--- DATA PROVIDED Enclosed Below ---

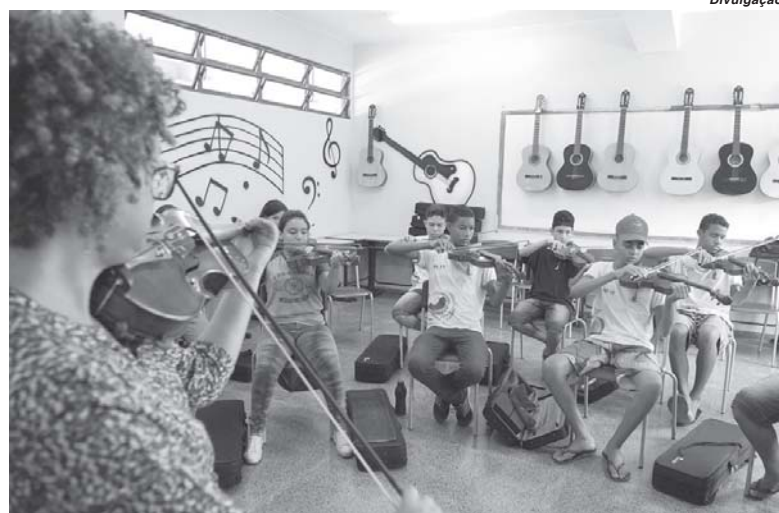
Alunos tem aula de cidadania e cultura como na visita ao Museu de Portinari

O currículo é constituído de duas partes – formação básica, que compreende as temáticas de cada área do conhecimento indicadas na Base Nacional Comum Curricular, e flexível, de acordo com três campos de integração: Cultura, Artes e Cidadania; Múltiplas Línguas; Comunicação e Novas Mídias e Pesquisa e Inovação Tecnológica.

--- End of Enclosed DATA PROVIDED ---
--- DATA PROVIDED Enclosed Below ---

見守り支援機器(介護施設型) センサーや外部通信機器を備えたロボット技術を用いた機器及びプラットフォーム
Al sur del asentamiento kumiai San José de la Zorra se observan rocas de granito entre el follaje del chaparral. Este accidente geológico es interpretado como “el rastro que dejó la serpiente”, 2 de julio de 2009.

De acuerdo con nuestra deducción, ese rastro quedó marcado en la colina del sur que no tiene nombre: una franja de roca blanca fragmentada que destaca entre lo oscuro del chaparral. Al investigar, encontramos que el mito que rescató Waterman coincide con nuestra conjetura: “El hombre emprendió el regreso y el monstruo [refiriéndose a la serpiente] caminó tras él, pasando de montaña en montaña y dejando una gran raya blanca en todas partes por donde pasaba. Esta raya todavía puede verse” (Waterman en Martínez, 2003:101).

--- End of Enclosed DATA PROVIDED ---
--- DATA PROVIDED Enclosed Below ---

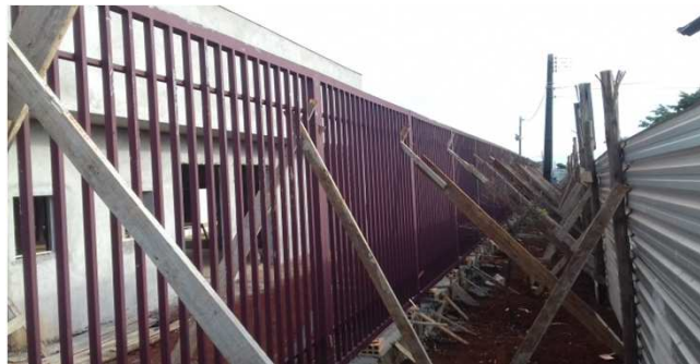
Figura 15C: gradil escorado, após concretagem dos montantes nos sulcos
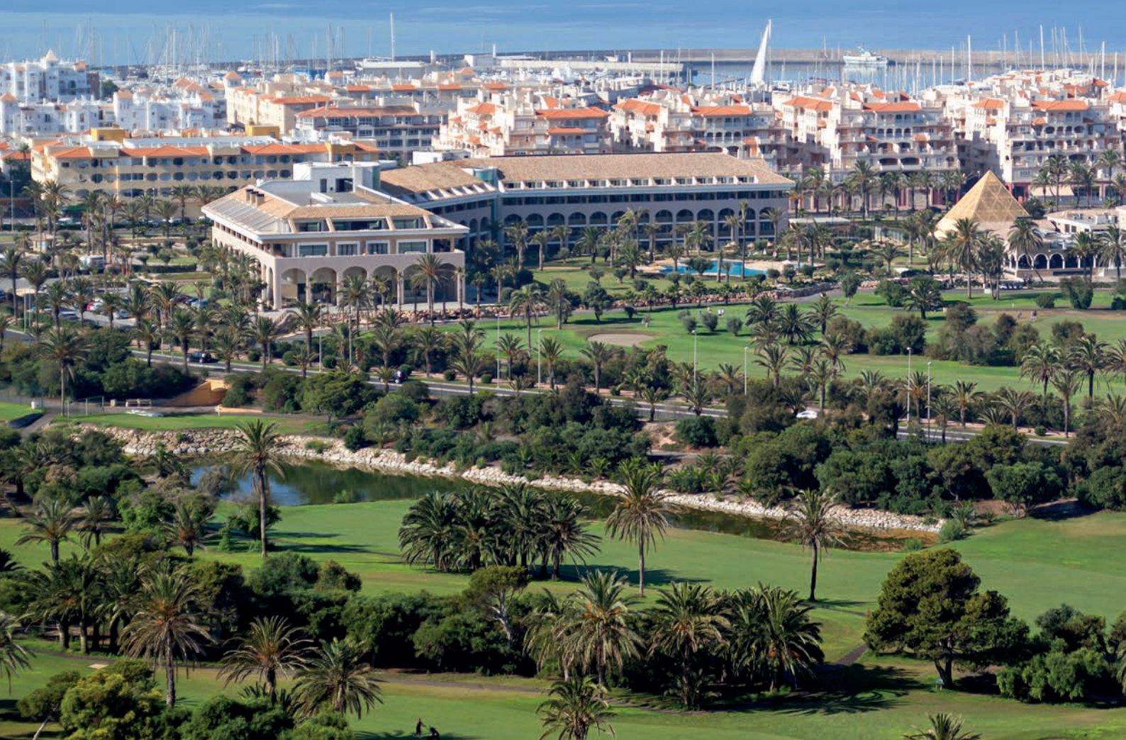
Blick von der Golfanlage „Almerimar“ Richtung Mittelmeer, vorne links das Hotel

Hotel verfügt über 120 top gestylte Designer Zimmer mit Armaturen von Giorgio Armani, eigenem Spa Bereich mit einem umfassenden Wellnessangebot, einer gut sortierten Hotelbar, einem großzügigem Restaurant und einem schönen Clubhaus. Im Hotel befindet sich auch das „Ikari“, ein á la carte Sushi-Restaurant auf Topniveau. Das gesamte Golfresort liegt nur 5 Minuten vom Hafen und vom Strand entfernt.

--- End of Enclosed DATA PROVIDED ---

**WORK REQUIRED**
Write out exactly the lines above between the line with "Alunos tem aula" and the line with "O currículo é", inclusive, and nothing beyond them.

**ANSWER SPACE**
Alunos tem aula de cidadania e cultura como na visita ao Museu de Portinari

O currículo é constituído de duas partes – formação básica, que compreende as temáticas de cada área do conhecimento indicadas na Base Nacional Comum Curricular, e flexível, de acordo com três campos de integração: Cultura, Artes e Cidadania; Múltiplas Línguas; Comunicação e Novas Mídias e Pesquisa e Inovação Tecnológica.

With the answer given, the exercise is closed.